We evaluate the maximum likelihood (two-stage) version of the POCRM design proposed by Wages and others (2011b) and the I2D design by Wang and Ivanova (2005). The core idea of the POCRM is to run several CRM models under different orderings and allocate patients sequentially based on the most likely ordering. The maximum likelihood POCRM requires a sequence of initial patients’ allocations to be used until at least one DLT and one non-DLT have been observed. After this, the combination selection will be governed by the POCRM. The initial escalation phase as proposed by Wages (2015) is considered. Furthermore, the POCRM requires the specification of a set of orderings that will be tried by the design. We consider six orderings as proposed by Wages and Conaway (2013); Wages (2015) that were found to lead to good operational characteristics. The two-stage design is implemented in R-package pocrm (Wages and Varhegyi, 2013). We also evaluate the I2D design as specified by Riviere and others (2015).

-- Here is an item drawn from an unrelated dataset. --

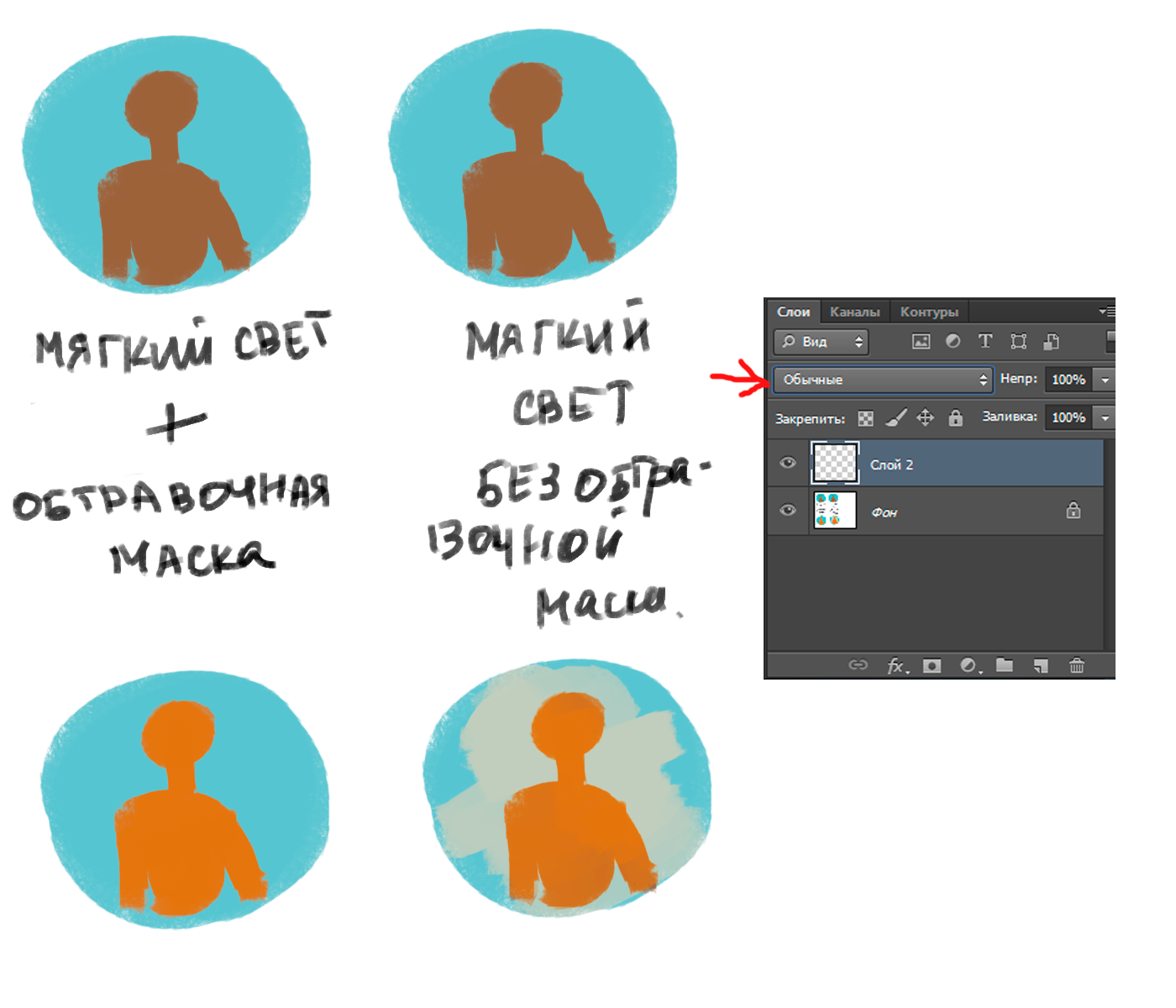 В фотошопе есть такая штука, как режимы наложения. Кнопка, отвечающая за режимы наложения, находится прямо над слоями и на ней по-умолчанию стоит значение «Обычные». Чтобы открыть окно, нужно нажать на него левой кнопкой мыши и выбрать любой режим тем же нажатием ЛКМ.

We also include the benchmark proposed by Guo and Liu (2018) for trials with a single binary endpoint. We refer to this benchmark as “GL.” It is based on the critical information introduced by the authors that is argued to offer a middle ground between the complete information and data available in actual trial. The GL as specified in the original work is used in the evaluation.
5.1.2. Numerical results
Table 3 shows the PCS for I2D, POCRM, the original benchmark (Benchmark), the novel benchmark for partial ordering (PO-Benchmark), and the benchmark by Guo and Liu (2018) (GL). The results of I2D are extracted from Table 2 in the original review, and the results of POCRM are extracted from Table 1 in the comment by Wages (2015).
Table 3.
Comparison of POCRM and I2D against the benchmark for partial ordering, the original benchmark, and the GL benchmark.
| Scenario | 1 | 2 | 3 | 4 | 5 | 6 | 7 | 8 | 9 | 10 |
|---|---|---|---|---|---|---|---|---|---|---|
| POCRM | 72.8 | 69.2 | 69.7 | 81.0 | 69.6 | 59.4 | 50.0 | 54.6 | 51.8 | 54.1 |
| I2D | 68.0 | 73.7 | 66.9 | 89.7 | 83.7 | 37.2 | 41.9 | 50.4 | 5.1 | 13.0 |
| Benchmark | 84.1 | 84.0 | 84.1 | 91.1 | 92.3 | 84.3 | 84.2 | 83.1 | 83.2 | 83.2 |
| PO-Benchmark | 73.8 | 78.2 | 75.9 | 91.1 | 92.3 | 65.5 | 66.3 | 57.7 | 56.0 | 54.4 |
| GL | 73.3 | 75.0 | 75.1 | 84.6 | 94.6 | 77.7 | 89.6 | 83.8 | 82.2 | 76.3 |
Comparing the proposed PO-Benchmark and GL approach under scenarios in which the target combination is located on a diagonal (Scenarios 1–3), they provide similar PCS. Under Scenario 4, PO-Benchmark results in 7% higher PCS than the GL approach and performs similar to the original benchmark as there is little uncertainty in the monotonicity associated with the target combination. Under Scenario 5, a similar behavior for the PO-Benchmark is found but the GL approach now corresponds to higher PCS than both the PO-Benchmark and original benchmark that employs the monotonicity assumption.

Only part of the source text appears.